# About this task
No pictures, no extra lines: copy exactly from the line with "Funcionário realizando plantio de grama." through the end of the entries.

# Material for this task
»»

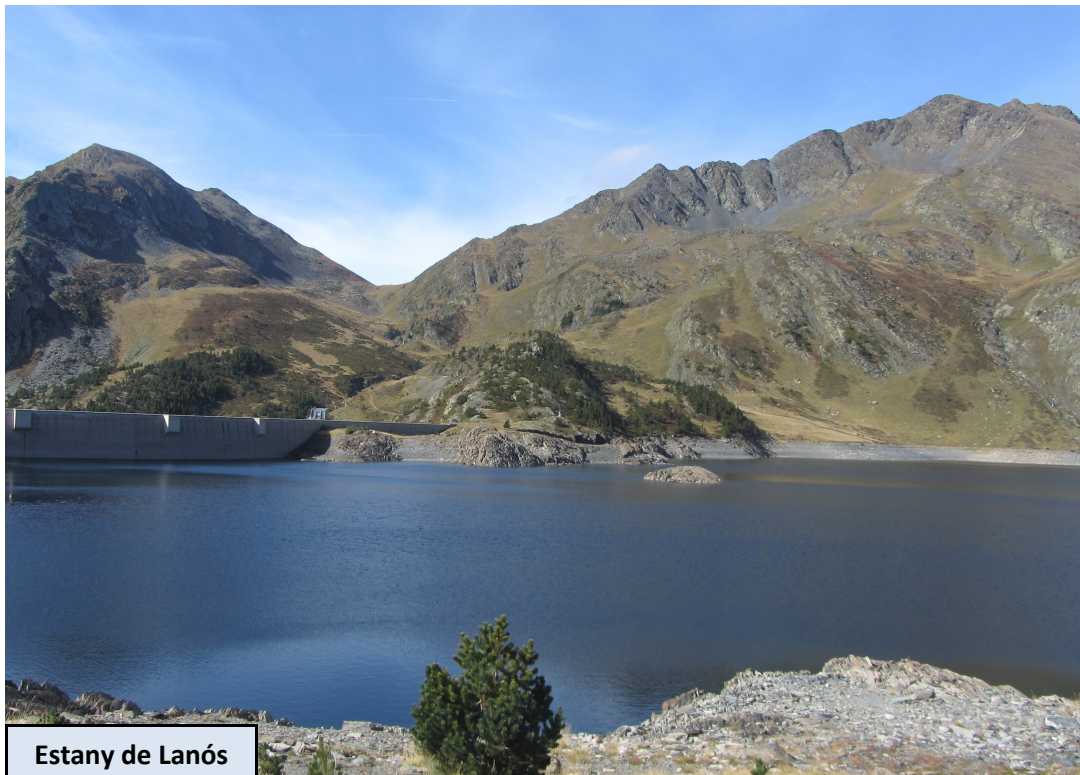
Estany de Lanós
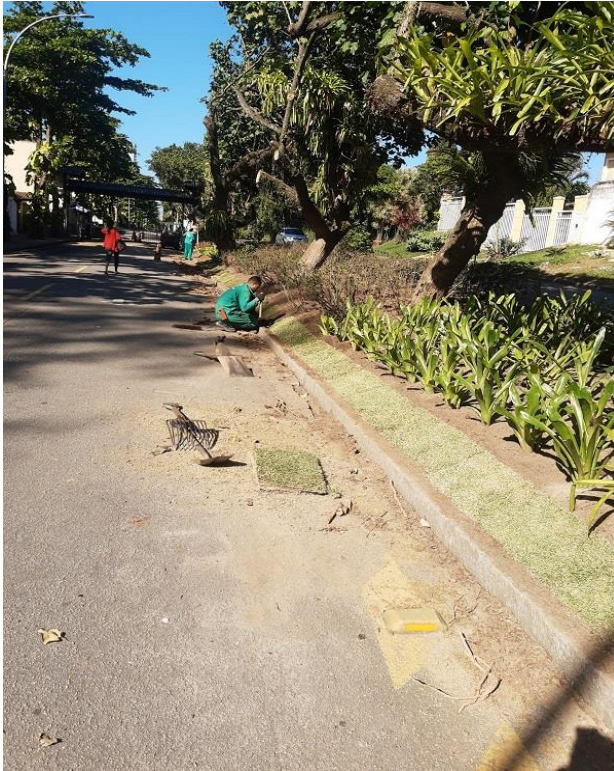
Funcionário realizando plantio de grama.
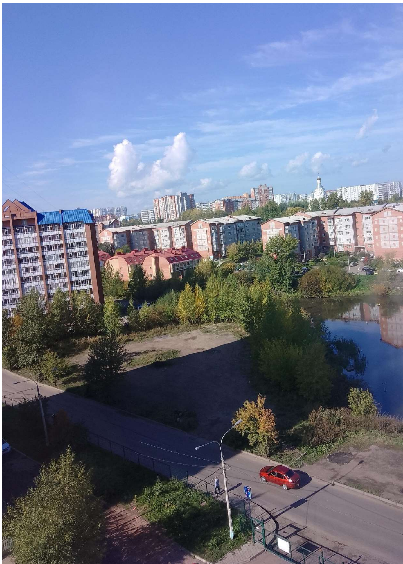
Фотофиксация текущего состояния общественной территории
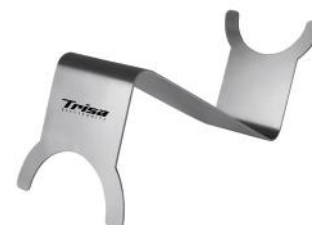
HALTER FÜR RACLETTE PFÄNNCHEN, 4 STK.
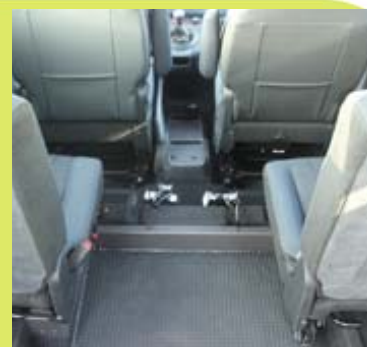
2 enrouleurs électriques à l'avant du décaissement.
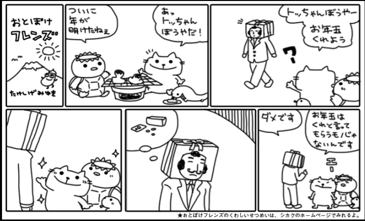
★おとぼけフランスのくわいせつめいば、シカクのホームページでみれるよ。

を開催中！かつて時代を築いたベテランから新進気鋭の若手作家まで、22名の漫画作品を収録し先月発売した「総合マンガ誌第六号」の原画作品展示や、一部作家の個人誌・サイン本等の販売を行っております。年末に前半、年始に後半という感じで、コレを読んでいる皆さんが来るとしたら後半の方になると思いますので、自分へのお年玉ということで是非遊びに来てね。そして来年の初めの方は、確定申告にすべてを捧げるので何も企画はありません！でも春頃からはまた素敵な催しをいくつも企んでおりますので、どうぞお楽しみに！2015年もシカクをどうぞよろしくお願ひいたします。
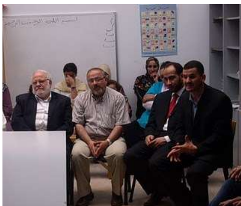
En un acto durante la inauguración de la Mezquita Al Badr de Pamplona

Los responsables de la Comunidad Islámica de Pamplona Mezquita Al Badr , invitaron a la inauguración de la Mezquita ,la mañana del sábado 5 de junio de 2010, a personalidades del Ayuntamiento de Pamplona ,representantes de asociaciones del mundo civil del entorno , y que colaboraban con la comunidad, mediadores sociales, y destacados vecinos del barrio de San Jorge.
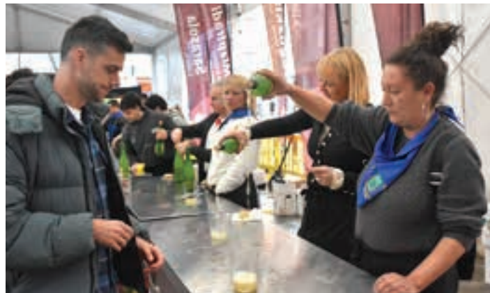
Gaztañagako sagardoa banatu zuten postua. AIURRI
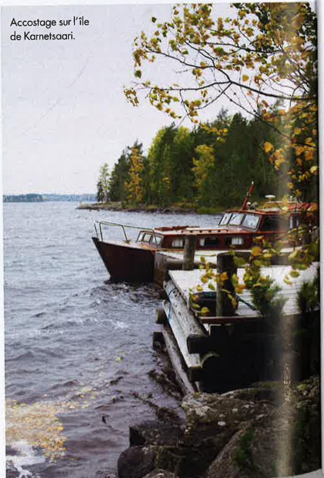
Accostage sur l'île de Karnetsaari.

Rantasalmi, à 1 heure de route de Mikkeli, est une petite ville perdue au milieu de la forêt. Au nord, la réserve de Porokylä ( porokyla.com/en ) accueille été comme hiver quelques rennes descendus du Grand Nord, pour la plus grande joie des touristes ! Pour y aller, on attend son guide à la réception de l'Hotel & Spa Resort Järvisydän ( jarvisydän.com ).
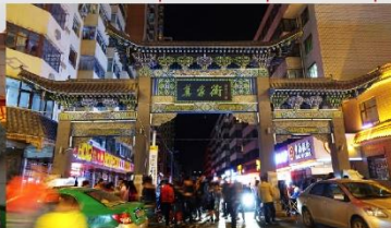
ตลาดกลางคืนถนนม่อเจีย
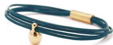
Charm-Armband Gold Petrol TB-CLG9
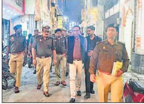
एडीजी ने रविवार को अधीनस्थों के साथ जुलूस मार्गों का निरीक्षण किया।
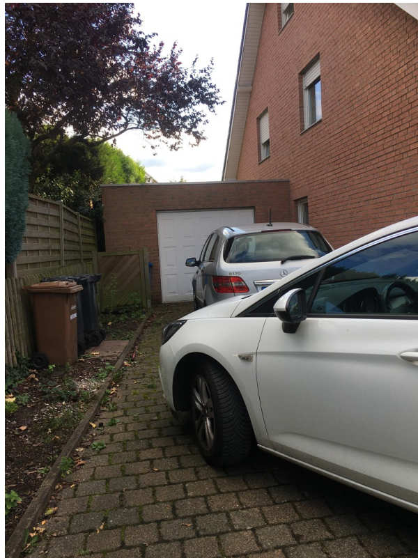
gr. Garage mit 2 Stellplätzen
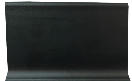
ZÓCALO DE PVC LISO RÍGIDO NEGRO 100mm x 3.5mm x 3ml

««

# Solution for this problem
Funcionário realizando plantio de grama.
Фотофиксация текущего состояния общественной территории
HALTER FÜR RACLETTE PFÄNNCHEN, 4 STK.
2 enrouleurs électriques à l'avant du décaissement.
★おとぼけフランスのくわいせつめいば、シカクのホームページでみれるよ。

を開催中！かつて時代を築いたベテランから新進気鋭の若手作家まで、22名の漫画作品を収録し先月発売した「総合マンガ誌第六号」の原画作品展示や、一部作家の個人誌・サイン本等の販売を行っております。年末に前半、年始に後半という感じで、コレを読んでいる皆さんが来るとしたら後半の方になると思いますので、自分へのお年玉ということで是非遊びに来てね。そして来年の初めの方は、確定申告にすべてを捧げるので何も企画はありません！でも春頃からはまた素敵な催しをいくつも企んでおりますので、どうぞお楽しみに！2015年もシカクをどうぞよろしくお願ひいたします。
En un acto durante la inauguración de la Mezquita Al Badr de Pamplona

Los responsables de la Comunidad Islámica de Pamplona Mezquita Al Badr , invitaron a la inauguración de la Mezquita ,la mañana del sábado 5 de junio de 2010, a personalidades del Ayuntamiento de Pamplona ,representantes de asociaciones del mundo civil del entorno , y que colaboraban con la comunidad, mediadores sociales, y destacados vecinos del barrio de San Jorge.
Gaztañagako sagardoa banatu zuten postua. AIURRI
Accostage sur l'île de Karnetsaari.

Rantasalmi, à 1 heure de route de Mikkeli, est une petite ville perdue au milieu de la forêt. Au nord, la réserve de Porokylä ( porokyla.com/en ) accueille été comme hiver quelques rennes descendus du Grand Nord, pour la plus grande joie des touristes ! Pour y aller, on attend son guide à la réception de l'Hotel & Spa Resort Järvisydän ( jarvisydän.com ).
ตลาดกลางคืนถนนม่อเจีย
Charm-Armband Gold Petrol TB-CLG9
एडीजी ने रविवार को अधीनस्थों के साथ जुलूस मार्गों का निरीक्षण किया।
gr. Garage mit 2 Stellplätzen
ZÓCALO DE PVC LISO RÍGIDO NEGRO 100mm x 3.5mm x 3ml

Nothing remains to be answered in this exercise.